Police Commissioner Tisch says NYPD top brass were assigned fancy cars meant for investigations
Published in News & Features
NEW YORK — An internal review of a little-known NYPD unit found that top police officials were driving around in souped-up vehicles meant to be used during undercover investigations, Police Commissioner Jessica Tisch said Wednesday.
“The result of it was galling,” Tisch testified at a City Council budget hearing at City Hall. “We had executives that had multiple, three, four, five ... kitted-out vehicles assigned to them personally.” Kitted-out vehicles have accessories common among drag racers and fans of muscle cars.
“It was out of all control,” Tisch said.
There were also vehicles, she said, that had been assigned to units not involved in “confidential investigations,” which is the point of the unit, the Confidential Rental and Leasing Office, or CRALO.

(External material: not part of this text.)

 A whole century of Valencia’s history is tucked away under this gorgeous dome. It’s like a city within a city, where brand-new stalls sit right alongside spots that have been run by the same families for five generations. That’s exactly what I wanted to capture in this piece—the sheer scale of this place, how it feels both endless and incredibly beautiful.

The Daily News reported last year that CRALO, created under former Police Commissioner Raymond Kelly, was designed to give investigators, such as detectives and undercover officers, use of various types of leased vehicles — everything from an ordinary sedan to a fancy sports car — that criminals don’t typically associate with standard, unmarked NYPD vehicles.

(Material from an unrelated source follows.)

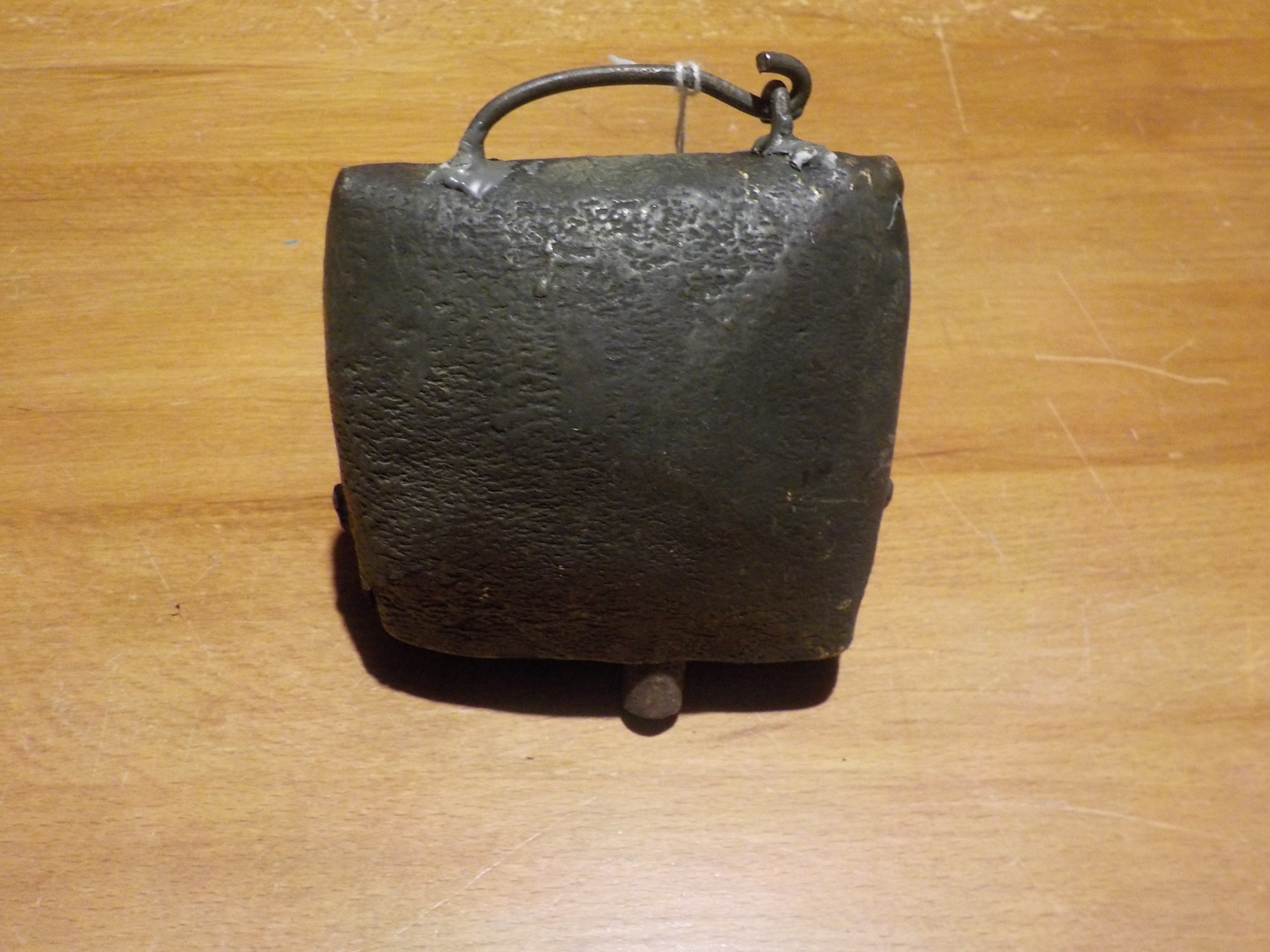 On aurait bien voulu qu'il nous montre un petit collier de rien du tout. Mais pour 6.-, que demander de plus que ce petit grelot. Il ne peut se comparer d'aucune manière avec les beaux toupins qu'on nous présente à la Bourse aux Sonnailles de Romainmôtier. Et pourtant il existe, il est là, il a battu au cou d'un petit veau ou d'une chèvre. Malgré son infinie modestie, il fait partie quand même de la grande famille des cloches. Il y a sa place. Il sera amené à poursuivre sa route dans les collections du Parimoine qui possède tout de même d'autres cloches de plus belle envergure.

But in recent years, according to police sources, a number of CRALO vehicles have been assigned to higher-ups who are not involved with investigations and simply used the vehicles to drive to and from work.

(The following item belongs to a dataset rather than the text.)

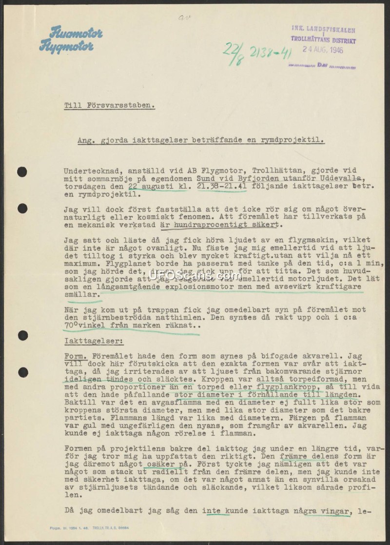 On August 22, 1946, an employee of AB Flygmotor in Trollhättan submitted a report to the Swedish Defence Staff (Försvarsstaben) regarding a sighting of a 'space projectile' (rymdprojektil). The witness, who was at their summer residence at Sund by the Byfjorden near Uddevalla, observed the object between 21:38 and 21:41. The witness explicitly stated their conviction that the object was not of supernatural or cosmic origin, but was definitively a product of a mechanical workshop. The observation began when the witness heard the sound of an aircraft, which grew in intensity without reaching a maximum. The sound was described as resembling a slow-moving explosion engine, but with significantly more powerful bangs. Upon exiting to the porch, the witness observed the object against the starry night sky at an angle of approximately 70 degrees from the ground. The object was described as torpedo-shaped, though with a notably large diameter in relation to its length. A yellow exhaust flame was visible at the rear, with a diameter equal to the rear of the body and a length equal to its diameter. The witness noted that they could not observe any movement in the flame itself. While the witness was confident in the shape of the rear of the object, they were uncertain about the front, noting a potential radial protrusion that might have been an optical illusion caused by the flickering of background stars. The witness confirmed that no wings were visible. The report includes a reference to an attached watercolor painting illustrating the object's form.

The danger, sources noted at the time, was that an investigator who couldn’t get a CRALO car and had to use a typical unmarked car, such as those used by detectives, could be more easily recognized as a cop by drug dealers, gang members and other criminals.
Tisch, who ordered an accounting of CRALO as part of her departmentwide review after she became police commissioner in November 2024, testified that a series of new rules are now in place.
“We took the CRALO vehicles away from the executives,” she said. “We insured that executives were assigned a single car and not multiple cars, and we also made sure these vehicles were only being used in the investigative commands.”
The top cop also noted that no one found to have been wrongly using a CRALO vehicle was disciplined because the abuse “was sanctioned by the department.”
“It didn’t appear that they were doing it under the radar,” she added. “Their bosses had allowed them to do it. It was approved.”
Tisch did not say how many vehicles are currently in the CRALO fleet.
The Daily News previously reported there were about 1,000 such vehicles being used by the NYPD and that the department spent about $1.2 million a year in federal funds to lease them from rental companies.